A apreciação com objetivo da apreensão da obra de arte passa pelo papel da arte em si e
este fator se encontra balizado nas obras do dramaturgo Bertold Brecht e me recorda da
frase de Picasso sobre sua obra Guernica: "Não, a pintura não é feita para decorar os
apartamentos. É um instrumento de guerra ofensiva e defensiva contra o inimigo". Para
Brecht, além de mera representação da realidade, a arte é política, por isso o artista deve
interferir na esfera pública com sua obra e provocar no público uma postura crítica e
complementando com o escritor Guy Debord, não se concentre apenas nos aspectos
estéticos. Aqui residem os aspectos da formação de uma visão de mundo que não apenas
busque compreensão sobre a existência, mas também, através dessa compreensão,
busque sua transformação por meio de uma pedagogia autônoma e que proporcione ao
aluno a atuação no papel principal de sua própria vida.

Além dos aspectos que envolvem entender o mundo e transformá-lo, o ensino da arte
abarca o que o sociólogo francês Pierre Bourdieu cunhou como capital cultural que são
os saberes estéticos e culturais que compõe a bagagem do aluno, de forma que nossos
julgamentos estéticos são resultado de um processo educacional ligado tanto a herança
familiar quanto a influência da mídia e de ambientes educacionais que são capazes de
promover a expansão do repertório cultural, o que permite que o aluno seja capaz de
conhecer sua própria história e ao ter contato com a cultura do outro, possa respeitá-la.

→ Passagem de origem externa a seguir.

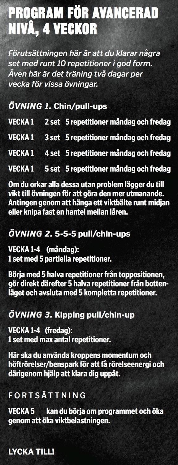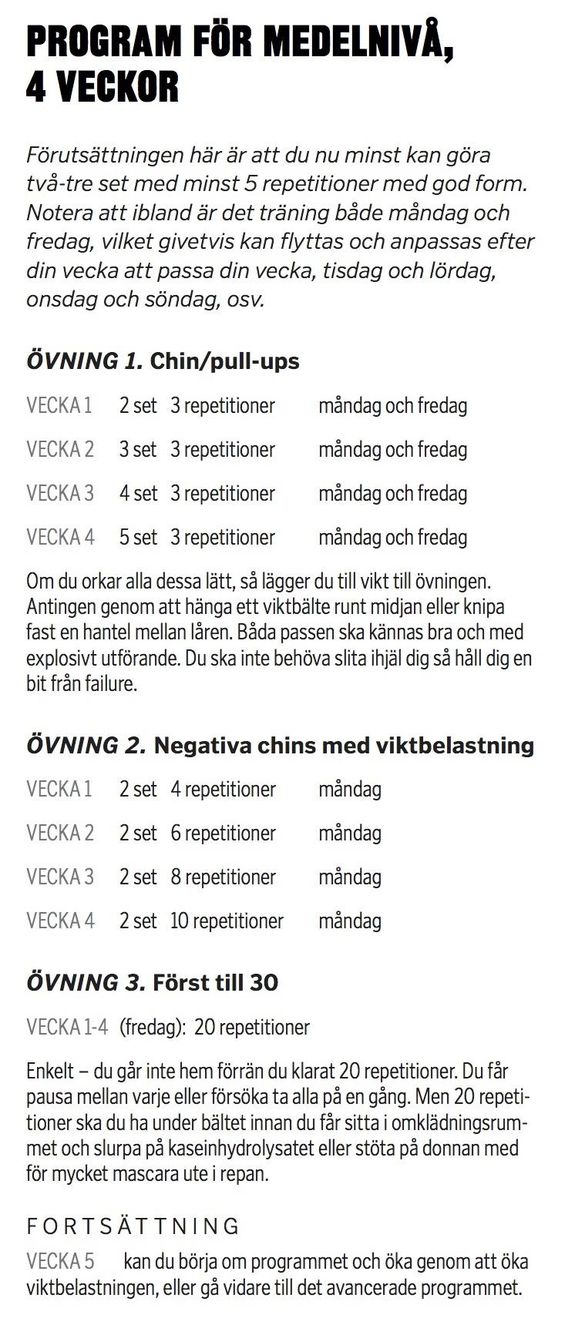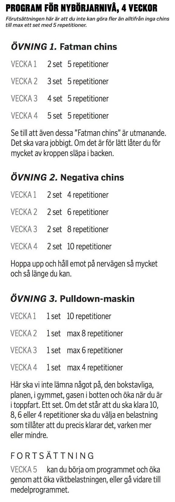 - I undantagsfall (och om du är väldigt långt ifrån att göra en chin/pullup – använd dig av en pulldown-maskin till dess att du kan hantera vikter i närheten av din kroppsvikt).
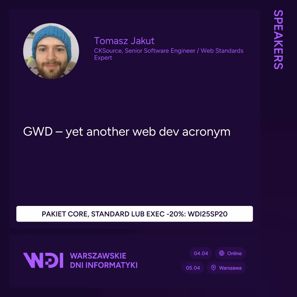 Ja też będę… duchem, niekoniecznie ciałem. W trakcie trwania konferencji będzie można posłuchać mojej prelekcji w sekcji przygotowanych i nagranych wcześniej materiałów (VoD). Tytuł mojego wystąpienia brzmi GWD – yet another web dev acronym i będzie takim szybkim wprowadzeniem do GWD, ale tym razem po angielsku.

Em meu TCC para o programa de pós-graduação em Psicopedagogia pude analisar
como o capital cultural do discente é capaz de estar relacionado a aprendizagem em
geral dos alunos, pois aqueles que se encontravam imersos em um ambiente cultural
mais amplo tendiam a apresentar melhores resultados nos processos de avaliação
escolar. Dentro desse contexto, buscando maior objetividade, o livro Teatro em Sala de
Aula de Ana Betina lista uma série de benefícios encontrados na participação de grupos
de teatro que podem ser elencados para as demais linguagens da arte. Estes se envolvem
desde em aspectos psicológicos como timidez, autoestima e autoconhecimento,
passando por capacidade de trabalhar em grupo e habilidades cognitivas como
raciocínio e memorização.

A visão que aponta uma utilidade prática da arte vista de forma mecânica se relaciona
ao momento histórico que mercantiliza todos os aspectos da vida, coisificando as
pessoas e vivificando as coisas, atingindo também a arte e todo o aparato educacional,
onde escolas e universidades se tornam fábricas de diplomas e a arte se torna mero
entretenimento, por isso é tão importante compreender a importância da arte educação
tanto em seus aspectos estéticos quanto sociais, pois balizam uma visão de mundo, nos
permite confrontá-la com outras e sintetizar uma crítica do real. Sabendo de sua
importância, por que não estudar arte? Como não estudar arte?